Returns: A pointer to the newly allocated ListyInt struct, or NULL if dynamic memory allocation fails
or if str is NULL.
Continued on the following page…
char *listyIntToString(ListyInt *listy);
Description: Convert the integer represented by listy to a dynamically allocated string, and return a
pointer to that string (i.e., return the base address of the char array). Be sure to properly terminate the
string with a null sentinel (‘\0’). If listy is NULL, or if any calls to malloc() fail, simply return NULL.
The runtime for this function must not exceed O(n) (where n is the length of the list).
Returns: A pointer to the dynamically allocated string, or NULL if dynamic memory allocation fails at
any point or if listy is NULL.
ListyInt *uintToListyInt(unsigned int n);
Description: Convert the unsigned integer n to ListyInt format. If any dynamic memory allocation
functions fail within this function, return NULL, but be careful to avoid memory leaks when you do so.
Your runtime for this function cannot exceed O(k), where k is the number of digits in n.
Returns: A pointer to the newly allocated ListyInt struct, or NULL if dynamic memory allocation fails at
any point.
unsigned int *listyIntToUint(ListyInt *listy);
Description: Convert the integer represented by listy to a dynamically allocated unsigned int, and return
a pointer to that value. If listy is NULL, simply return NULL. If the integer represented by listy exceeds
the maximum unsigned int value defined in limits.h, return NULL.
Note: The sole reason this function returns a pointer instead of an unsigned int is so that we can return
NULL to signify failure in cases where listy cannot be represented as an unsigned int.
Returns: A pointer to the dynamically allocated unsigned integer, or NULL if the value cannot be
represented as an unsigned integer (including the case where listy is NULL).
void plusPlus(ListyInt *listy);
Description: Increment the value held in listy by one.
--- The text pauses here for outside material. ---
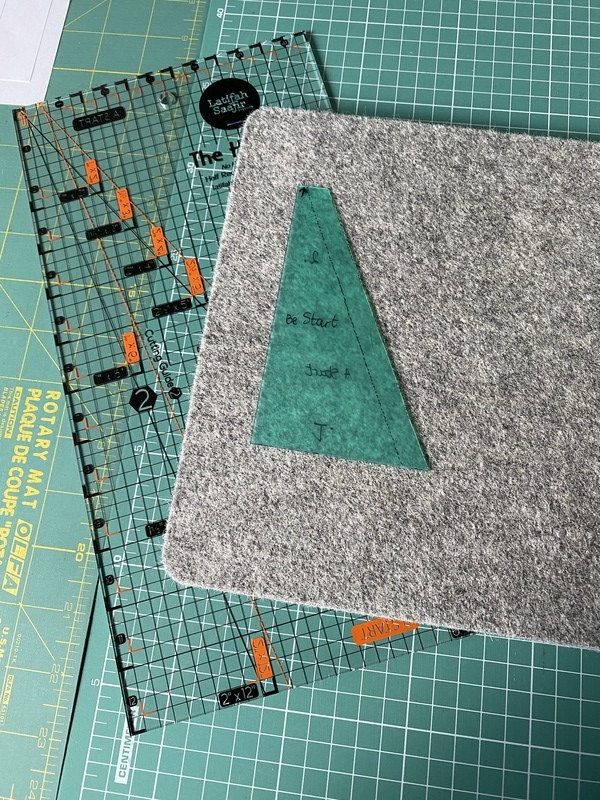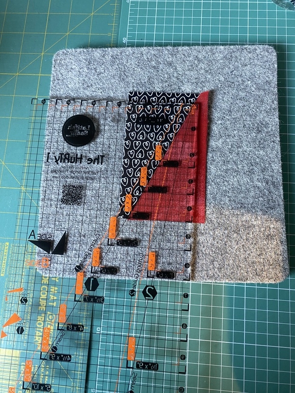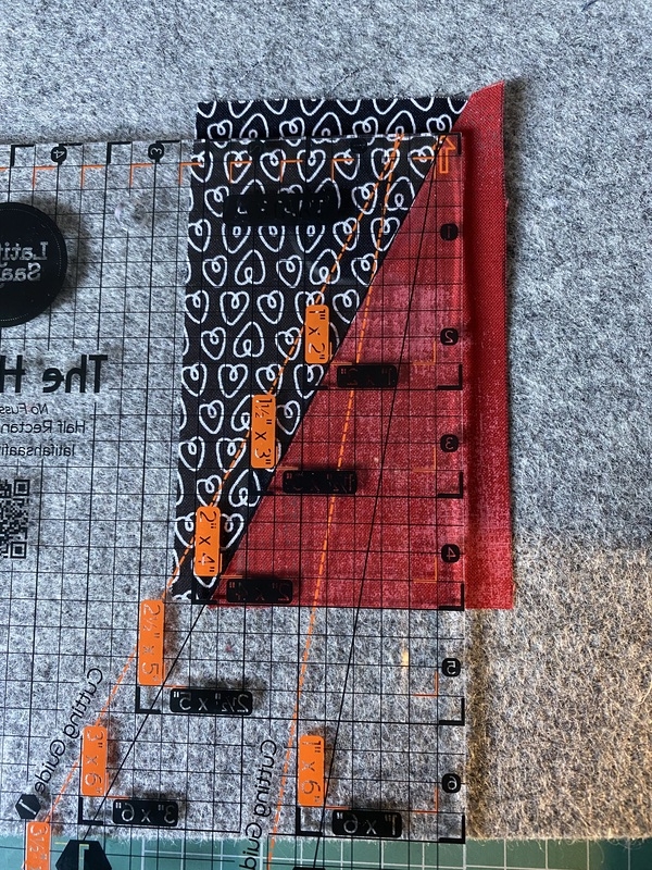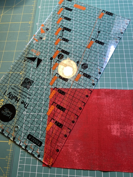 Ik gebruik de speciale liniaal om de rechthoek in de juiste maat te snijden. Op de liniaal is een lijn aangebracht, die ervoor zorgt dat er aan weerskanten van de diagonaal een kwart inch naadtoeslag overblijft. En dat moet ik hebben!

If listy is NULL, simply return. You don’t
necessarily have to use this function anywhere else in your program. It’s just here as an additional
exercise.
Special Note: If any dynamic memory allocation functions fail within this function, simply leave the
value in listy unmodified. (Such a failure is unlikely anyway, and will not be explicitly tested for this
particular function.)
Returns: Nothing. This is a void function.
ListyInt *fib(unsigned int n);
Description: This is your Fibonacci function. This is where the magic happens. Implement an iterative
solution that runs in O(nk) time and returns a pointer to a ListyInt struct that contains F(n). (See runtime
note below.) Be sure to prevent memory leaks before returning from this function.
Runtime Consideration: In the O(nk) runtime restriction, n is the parameter passed to the function, and
k is the number of digits in F(n). So, within this function, you can make O(n) number of calls to any
function that is O(k) (or faster).
Space Consideration: When computing F(n) for large n, it’s important to keep as few Fibonacci
numbers in memory as necessary at any given time. For example, in building up to F(10000), you won’t
want to hold Fibonacci numbers F(0) through F(9999) in memory all at once. Find a way to have only a
few Fibonacci numbers in memory at any given time over the course of a single call to to fib().
Special Notes: Notice that n will always be a non-negative integer. If any dynamic memory allocation
functions fail within this function, return NULL, but be careful to avoid memory leaks when you do so.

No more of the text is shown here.